Chloroquine as a Modulator of T Cell Immune Activation

Status:
Completed

Trial end date:
2012-03-01

Target enrollment:
0

Participant gender:
All

Summary

This study will evaluate the effect of chloroquine in individuals infected with HIV. Researchers will aim to determine if chloroquine treatment in participants whose viral loads are suppressed on combination antiretroviral therapy (ART), results in improved immune activation and CD4 cell recovery. The study will recruit 20 individuals and will last approximately 44 weeks. Eligible participants will receive an oral dose of chloroquine (250 mg) once daily from week 8 through week 32. All participants will be asked to have rectal biopsy samples (week 0 and week 32) to study T cell immune activation in the mucosa rectal site.

Phase:

N/A

Accepts Healthy Volunteers?

Details

Lead Sponsor:

CIHR Canadian HIV Trials Network

Treatments:

Chloroquine
Chloroquine diphosphate

Criteria

Inclusion Criteria:

- Documented HIV infection by Western Blot, EIA assays or viral load assay.

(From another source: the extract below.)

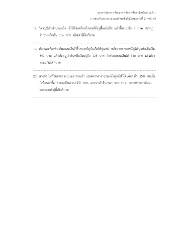 20. สายชลเปิดร้านขายกระเป๋าและรองเท้า เธอติดราคาขายรองเท้าคู่หนึ่งไว้โดยคิดกําไร 25% แต่เมื่อ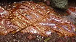 Liesegang rings (/ˈlzəɡɑːŋ/) (also called Liesegangen rings or Liesegang bands) are colored bands of cement observed in sedimentary rocks that typically cut across bedding.[1][2] These secondary (diagenetic) sedimentary structures exhibit bands of (authigenic) minerals that are arranged in a regular repeating pattern.[3] Liesegang rings are distinguishable from other sedimentary structures by their concentric or ring-like appearance. The precise mechanism from which Liesegang rings form is not entirely known and is still under research,[4] but there is a precipitation process that is thought to be the catalyst for Liesegang ring formation, referred to as the Ostwald-Liesegang supersaturation-nucleation-depletion cycle.[5] Though Liesegang rings are considered a frequent occurrence in sedimentary rocks,[6] rings composed of iron oxide can also occur in permeable igneous and metamorphic rocks that have been chemically weathered.[7]

- Aged between 18 and 65 years.

- Viral load less than 50 copies per ml for at least the previous 36 weeks.

- CD4 cell count less than or equal to 350 cells per litre.

- On stable ART

- Vital signs, physical examination and laboratory results do not exhibit evidence
diseases such as advanced cirrhosis or advanced liver

- Karnofsky performance status greater than or equal to 80 per cent.

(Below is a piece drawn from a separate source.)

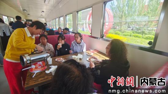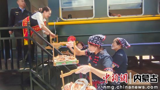 游客们登上火车车厢的观景台,泛黄的老照片、复古的车票墙与窗外“铁轨市集”的烟火气交织,唤醒人们对绿皮火车时代的集体记忆,不少游客打卡拍照,定格“舌尖上的乡愁”。

- Participant does not require and agrees not to take, for the duration of the study,
any medication that is contraindicated with chloroquine.

- Able to give informed consent.

Exclusion Criteria:

- Active AIDS events in the last 3 months

- Co-infection with active hepatitis B or C virus.

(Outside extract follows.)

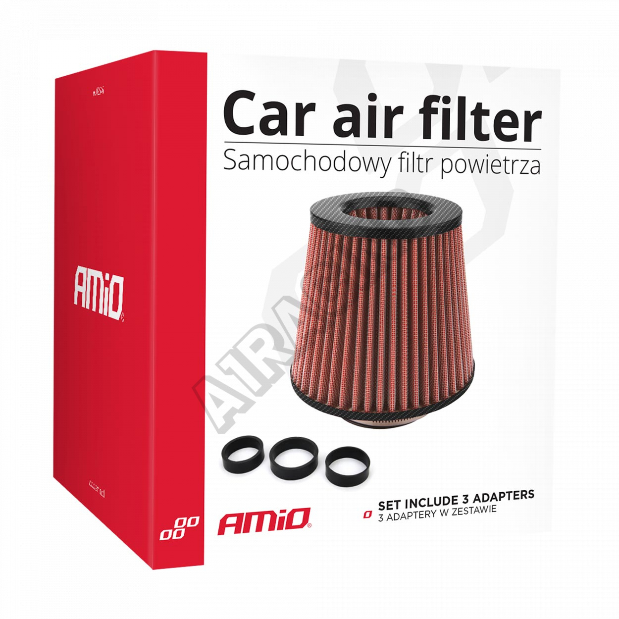Univerzální kuželový vzduchový filtr červený/uhlíkový + 3 adaptéry

- Current use or use within four weeks prior to the baseline visit, of cytotoxic agents,
systemic corticosteroids or any immuno-modulatory agents.

- Current use within four weeks prior to the chloroquine therapy the following
medications: methadone, chlorpromazine, cimetidine, cyclosporin, methotrexate and
penicillanime.

- Psychiatric or cognitive disturbance or illness that could preclude compliance with
the study.

- Patient with clinically significant hemophilia and Von-Willebrand disease and any
severe bleeding disorder.

- Experimental HIV immune based therapy within 6 months of screening visit.

- Allergic reaction to chloroquine.

- A history of retinitis or any retinal problem.

- Subjects with G6PD deficiency, porphyria, psoriasis, cirrhosis, hearing deficiency
(including tinnitus), myopathy and cardiomyopathy.

- Pregnant and breast-feeding women.